- Você está morando por aqui?
- Na casa do papai.
Na casa do papai! Ele sacudiu a cabeça, fingiu que arrumava alguma coisa dentro do seu carrinho – enlatados, bolachas, muitas garrafas -, tudo para ela não ver que ele estava muito emocionado. Soubera da morte do ex-sogro, mas não se animara a ir ao enterro. Fora logo depois da separação, ele não tivera coragem de ir dar condolências formais à mulher que, uma semana antes, ele chamara de vaca. Como era mesmo que ele tinha dito? “Tu és uma vaca sem coração!” Ela não tinha nada de vaca, era uma mulher esbelta, mas não lhe ocorrera outro insulto. Fora a última palavra que lhe dissera. E ela o chamara de farsante. Achou melhor não perguntar pela mãe dela.
- E você? – perguntou ela, ainda sorrindo.
Continuava bonita.
- Tenho um apartamento aqui perto.
Fizera bem em não ir ao enterro do velho. Melhor que o primeiro reencontro fosse assim, informal, num supermercado, à noite. O que é que ela estaria fazendo ali àquela hora?

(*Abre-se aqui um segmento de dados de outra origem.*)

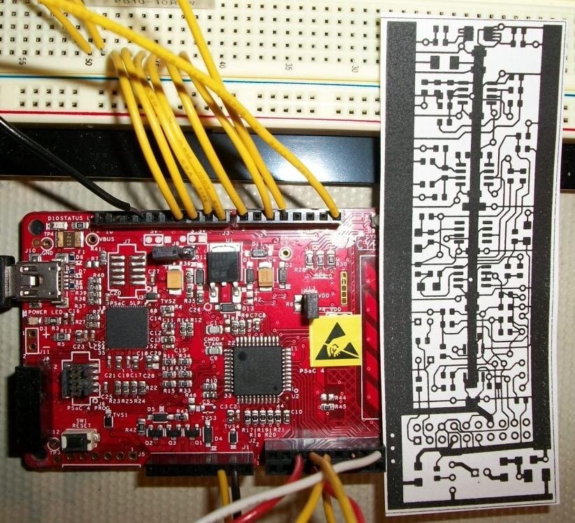 And here is a short video showing how I turned on the TV using this infrared transmission function implemented in the CPU of PSoC4 in the Pioneer kit. In this experiment I am using an emulator for the eyes movement (two push-buttons on the breadboard) since the experimental amplifier that I have previously shown in a video is now broken (I accidentally broke one pin of an integrated circuit on one of those “hanging” breadboards for who remembers that video). I didn’t want to spend time fixing it since the PCB board that will hold this front end amplifier is scheduled to be fabricated this week.

- Você sempre faz compras de madrugada?
Meu Deus, pensou, será que ela vai tomar a pergunta como ironia? Esse tinha sido um dos problemas do casamento, ele nunca sabia como ela ia interpretar o que ele dizia. Por isso, ele a chamara de vaca no fim. Vaca não deixava dúvidas de que ele a desprezava.
- Não, não. É que estou com uns amigos lá em casa, resolvemos fazer alguma coisa para comer e não tinha nada em casa.
- Curioso, eu também tenho gente lá em casa e vim comprar bebidas, patê, essas coisas.
- Gozado.
Ela dissera uns amigos. Seria alguém do seu tempo? A velha turma? Ele nunca mais vira os antigos amigos do casal. Ela sempre fora mais social do que ele. Quem sabe era um amigo? Ela era uma mulher bonita, esbelta, claro que podia ter namorados, a vaca. E ela estava pensando: ele odiava festas, odiava ter gente em casa. Programa, para ele, era ir para a casa do papai jogar buraco. Agora tem amigos em casa. Ou será uma amiga? Afinal ele ainda era moço… deixara a amiga no apartamento e viera fazer compras. E comprava vinhos importados, o farsante. Ele pensou: ela não sente minha falta. Tem a casa cheia de amigos. E na certa viu que eu fiquei engasgado ao vê-la, pensa que eu sinto falta dela. Mas não vai ter essa satisfação, não senhora.
- Meu estoque de bebidas não dura muito. Tem sempre gente lá em casa – disse ele.
- Lá em casa também é uma festa atrás da outra.
- Você sempre gostou de festas.
- E você, não.
- A gente muda, né? Muda de hábitos…
- Tou vendo.
- Você não me reconheceria se viesse viver comigo outra vez.
Ela, ainda sorrindo:
- Que Deus me livre.

Aquela vaca, pensou ele, antes de dormir."